Pediatric Case Challenge: Alarming Symptoms in a Toddler Who Had Myocarditis and Recently Immigrated

Shah Azmoon, MD; Matthew Budoff, MD; David Atkinson, MD

Disclosures

January 17, 2023

Discussion

The images provided demonstrate a left main coronary artery arising anomalously from the PA, a condition referred to as Bland-White-Garland syndrome or anomalous left coronary artery originating from the PA (ALCAPA), and a significantly dilated left ventricle (Figure 1, Figure 3).[1]

Figure 1

Figure 3

Coronary arteries originating anomalously from the PA have been documented as far back as the 1800s.[2,3] Although most coronary artery anomalies arise from the aorta, less than 0.4% of patients with congenital cardiac anomalies have coronary vessels that originate from the PA (approximately 1 in 300,000 live births in the United States).[4]

Coronary vessel formation begins at approximately 32 days' gestation. Abnormal division of the conotruncus into the aorta and PA or abnormal involution and persistence of an endothelial bud on a pulmonary sinus may lead to an aberrant connection to the developing coronary artery. In 1933, Bland, White, and Garland diagnosed the syndrome of early progressive heart failure associated with anomalous origin of the coronary arteries arising from the PA in a 3-month-old child at autopsy.[5] The anomaly is most often a single left coronary artery rather than a right coronary artery. In some instances, the left circumflex artery and the left anterior descending artery may also have separate origins from the PA.[6]

Although the clinical presentation may vary depending on the coronary artery involved, as well as its size and distribution, in most cases significant hemodynamic compromise is present, with ensuing myocardial ischemia and progressive ischemic cardiomyopathy. If left untreated, mortality has been reported to be as high as 90% within the first year of life.[6] Prompt diagnosis and treatment are necessary in cases in which both the left and right coronary arteries arise from the PA (a less common variant of Bland-White-Garland syndrome) because the condition is not compatible with survival.

The symptoms of angina in an infant may include feeding intolerance, irritability or respiratory distress when crying, diaphoresis, pallor, failure to thrive, and even shock. Early symptoms may temporarily be masked by the presence of large collateral vessels.
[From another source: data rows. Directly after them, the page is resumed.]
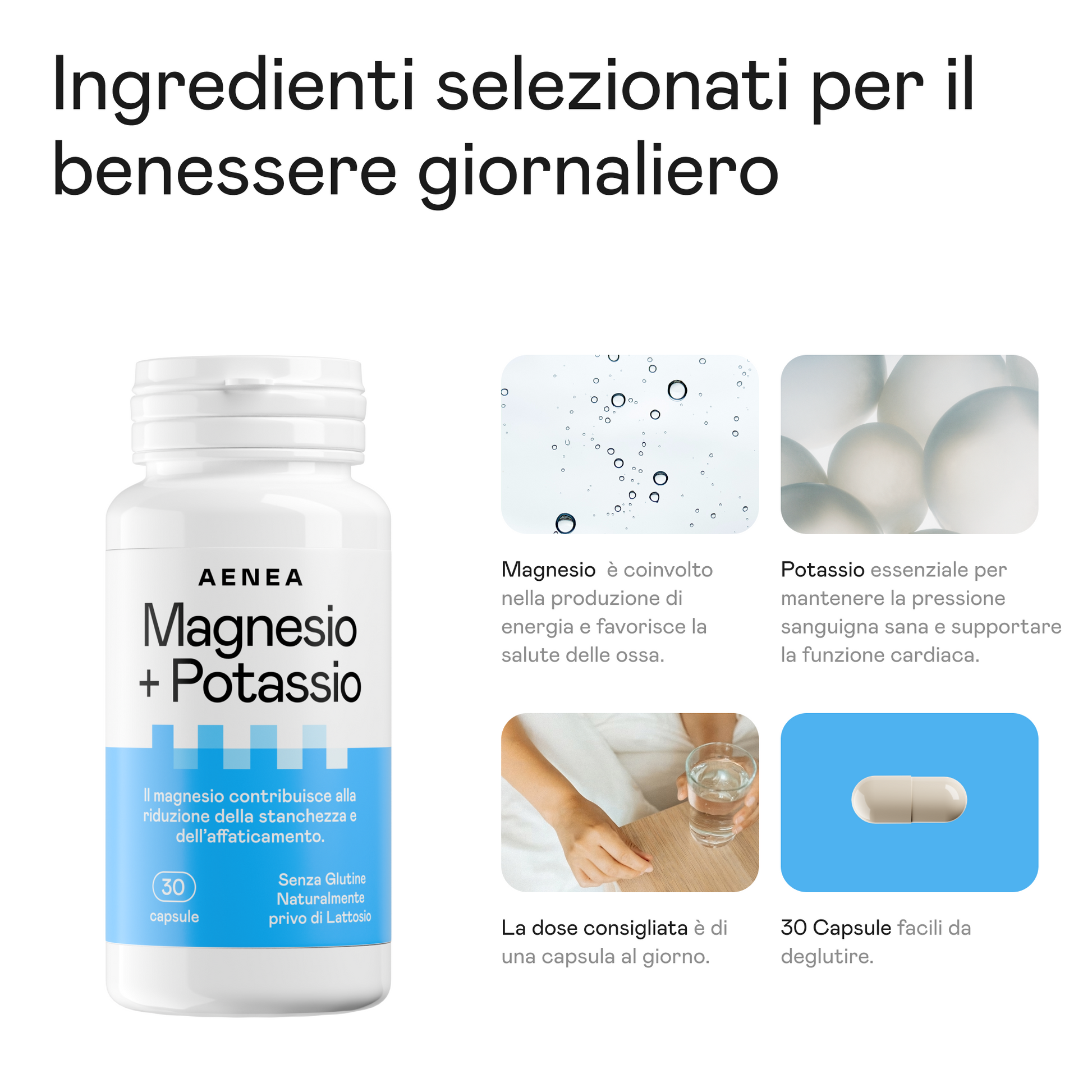 - Riduzione della stato di stanchezza e spossatezza: Il Magnesio e il Potassio sono due ingredienti fondamentali per supportarti in questo stato di continua stanchezza in cui puoi trovarti, aiutandoti a ritrovare il tuo naturale equilibrio e l'energia giusta per affrontare le sfide quotidiane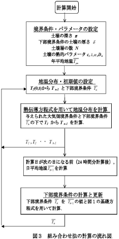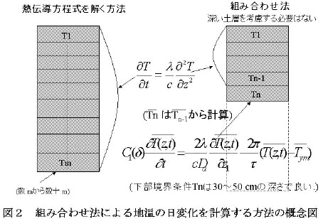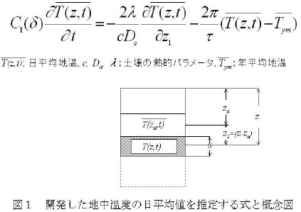 | 任意の深さの日平均地温が対象の深さより上層の地温と土壌の熱的条件からForce-Restore法を拡張した式で計算できる。さらに、この式に熱伝導方程式を結合させることで、地温の日変化も高い時間分解能で計算できる。この計算方法は、初期・境界条件や土壌の熱的条件の設定が容易である。 | |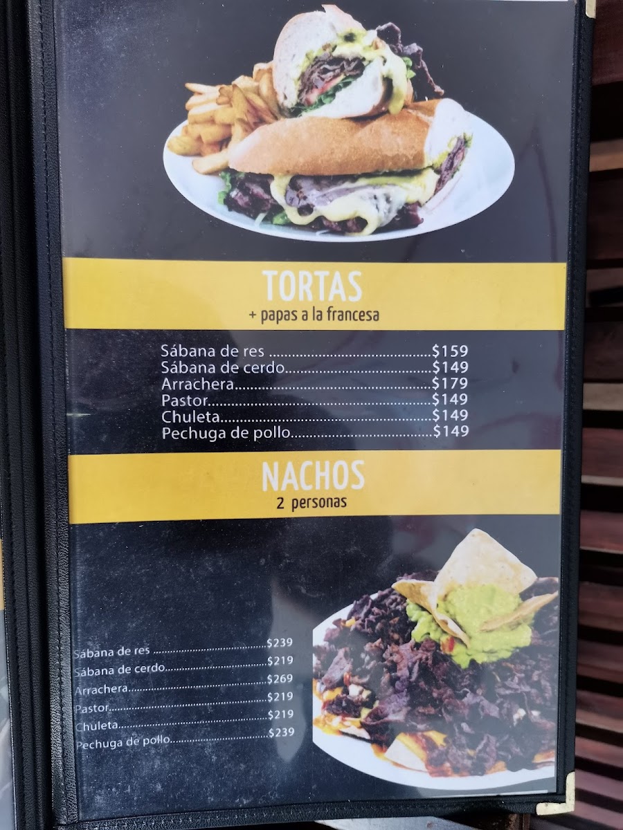 Torta con carne a elegir, queso, guacamole, lechuga, papas a la francesa.

Rarely, the onset of symptoms in children may include precordial pain, dyspnea and tachypnea, shortness of breath, exertional chest pain, syncope, and even sudden cardiac death. Upon the normalization of physiologically elevated neonatal pulmonary vascular resistance in the first 4-6 weeks of infancy, the low perfusion pressures and low oxygen saturation characteristic of the PA lead to myocardial ischemia and progressive cardiomyopathy.

Demand ischemia caused by anomalous coronary arteries from the PA is not noted prenatally because the parallel circulatory system provides relatively equivalent oxygen concentrations and pressures between the aorta and main PA through the patent ductus arteriosus (PDA). With the formation of a collateral blood supply between the right and left coronary systems, the symptom onset may be delayed; however, coronary steal phenomenon may occur as a result of the higher-pressure collateral vessels and retrograde flow into the PA from the anomalous coronary artery, should collaterals arise from normal coronary arteries. [7] If left untreated, coronary steal will exacerbate the symptoms of heart failure and accelerate the complications associated with ischemia, cardiomyopathy, and pulmonary hypertension.